8 de diciembre de 2009

EL CRUCIFIJO



Cuando en el año 1.978 los españoles aprobamos en votación por referéndum el texto de la Constitución, cuyo articulo 16,3 establece el principio de la aconfesionalidad del Estado al declarar que, «Ninguna confesión tendrá carácter estatal. Los poderes públicos tendrán en cuenta las creencias religiosas de la sociedad española y mantendrán las consiguientes relaciones de cooperación con la Iglesia católica y las demás confesiones»; a partir de ese momento cualquier manifestación u organismo de carácter estatal debería eliminar cualquier signo de confesión religiosa.

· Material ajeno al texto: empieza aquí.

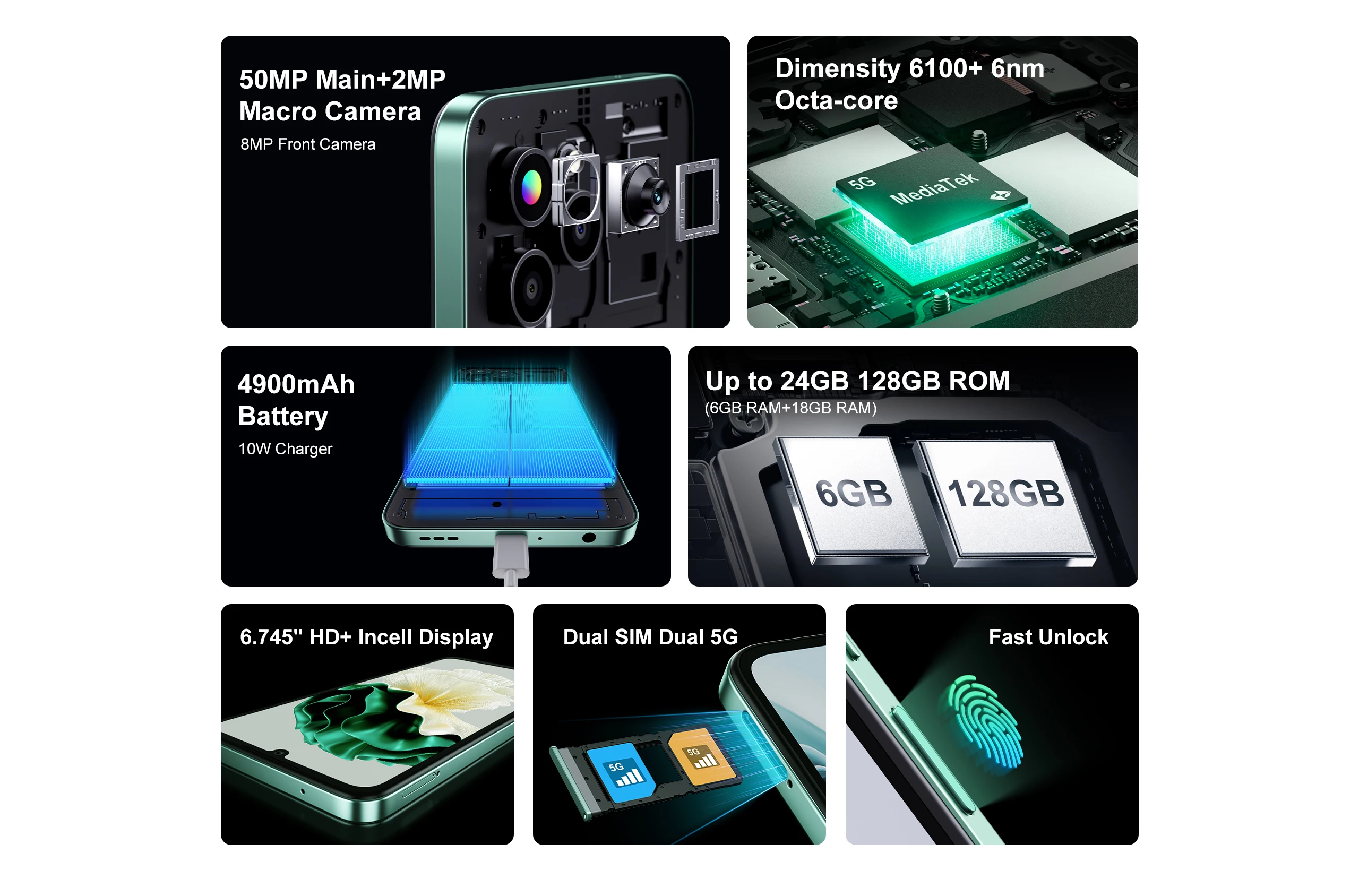 DOOGEE Fire 6 Rugged Phone 6.56″ HD+ 90Hz Display Unisoc T606 Octa Core 16GB+2562GB 10400mAh Battery 50MP AI Camera Android 14
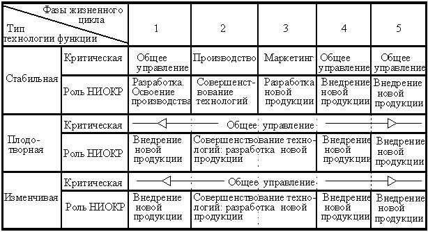 В зависимости от типа технологии в разных фазах жизненного цикла продукта определяются критические сферы управления фирмой, а также меняется роль сферы НИОКР. Это иллюстрировано табл. 15.1.
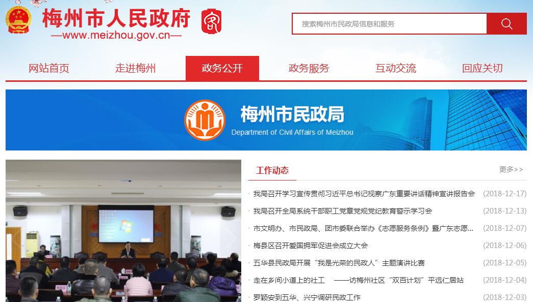 根據(jù)《中共梅州市委、梅州市人民政府關(guān)于印發(fā)〈梅州市人民政府機(jī)構(gòu)改革方案〉的通知》,設(shè)立梅州市民政局,為市人民政府工作部門。其主要職責(zé):(一)貫徹執(zhí)行國(guó)家、省有關(guān)民政工作的方針政策和法律法規(guī),擬訂民政事業(yè)發(fā)展規(guī)劃和相關(guān)的民政規(guī)范性文件,并組織實(shí)施和監(jiān)督檢查。(二)負(fù)責(zé)退役士兵、復(fù)員干部的接收安置工作和軍隊(duì)移交地方管理的離退休干部、退休士官和軍隊(duì)無(wú)軍籍退休退職職工的接收安置、服務(wù)管理工作;負(fù)責(zé)撫恤優(yōu)待、評(píng)殘?jiān)u烈、殘疾軍人安置、烈士褒揚(yáng)和犧牲病故部隊(duì)干部的家屬安置工作;組織和指導(dǎo)擁軍優(yōu)屬工作。(三)負(fù)責(zé)組織、協(xié)調(diào)城鄉(xiāng)救災(zāi)工作,組織自然災(zāi)害救助應(yīng)急體系建設(shè),負(fù)責(zé)組織核查并統(tǒng)一發(fā)布災(zāi)情,管理、分配和監(jiān)督市級(jí)救災(zāi)款物。(四)負(fù)責(zé)城鄉(xiāng)居民最低生活保障、醫(yī)療救助、臨時(shí)救助、流浪乞討及生活無(wú)著人員救助工作,健全城鄉(xiāng)社會(huì)救助體系。(五)負(fù)責(zé)擬訂全市鎮(zhèn)以上行政區(qū)域的設(shè)立、撤銷、調(diào)整、更名、界線變更以及政府駐地遷移的方案及申報(bào)工作,負(fù)責(zé)市際行政區(qū)域界線的勘定和管理,負(fù)責(zé)邊界爭(zhēng)議的調(diào)處事務(wù),組織編制地名規(guī)劃,負(fù)責(zé)地名命名、更名、銷名審核工作,規(guī)范地名標(biāo)志設(shè)置和管理工作。(六)提出加強(qiáng)和改進(jìn)城鄉(xiāng)基層政權(quán)建設(shè)的建議,推動(dòng)基層民主政治建設(shè),指導(dǎo)城鄉(xiāng)基層群眾自治組織建設(shè)、城鄉(xiāng)社區(qū)建設(shè)和城鄉(xiāng)社區(qū)服務(wù)體系建設(shè)。(七)負(fù)責(zé)社會(huì)福利機(jī)構(gòu)的監(jiān)督管理,促進(jìn)慈善事業(yè)發(fā)展,指導(dǎo)社會(huì)捐助工作,指導(dǎo)老年人、孤兒和殘疾人等特殊群體權(quán)益保障工作。(八)負(fù)責(zé)推進(jìn)婚俗和殯葬改革,負(fù)責(zé)收養(yǎng)登記管理工作,指導(dǎo)婚姻、殯葬、收養(yǎng)、救助服務(wù)機(jī)構(gòu)管理工作。(九)承擔(dān)依法對(duì)社會(huì)團(tuán)體、基金會(huì)、民辦非企業(yè)單位進(jìn)行登記管理和監(jiān)察的責(zé)任。(十)會(huì)同有關(guān)部門擬訂民政系統(tǒng)的社會(huì)工作發(fā)展規(guī)劃、政策和職業(yè)規(guī)范,推進(jìn)民政系統(tǒng)社會(huì)工作人才隊(duì)伍建設(shè)和相關(guān)志愿者隊(duì)伍建設(shè)。(十一)負(fù)責(zé)管理福利彩票銷售工作,負(fù)責(zé)管理、使用、發(fā)放福利資金和民政事業(yè)費(fèi)。(十二)承辦市委、市人民政府和上級(jí)業(yè)務(wù)主管部門交辦的其他事項(xiàng)。

Ello no supone que después del acto que se celebre, el individuo o los colectivos, vayan a celebrarlo a la Basílica del Pilar o a la Mezquita de Córdoba.

Por ejemplo en la toma de posesión como Ministros de España, si alguien demanda otro símbolo que no sea su compromiso ante todos los españoles delante de la Constitución, es muy libre posteriormente de acudir ante su dios y refirmar su compromiso. A los españoles nos llega con el ejemplar de la Constitución.

Este respeto a la letra de la Constitución también es aplicable a salas de vista de los juzgados, organismos públicos, … y con mayor razón a las aulas en donde pretendemos educar, desde el punto de vista estatal y a costa de todos, a nuestros hijos.

Por tanto y después del periodo de cortesía, a partir del curso 1979-1980 estos signos deberían ser retirados de estos lugares públicos. De modo que llevamos 30 años de falta de respeto.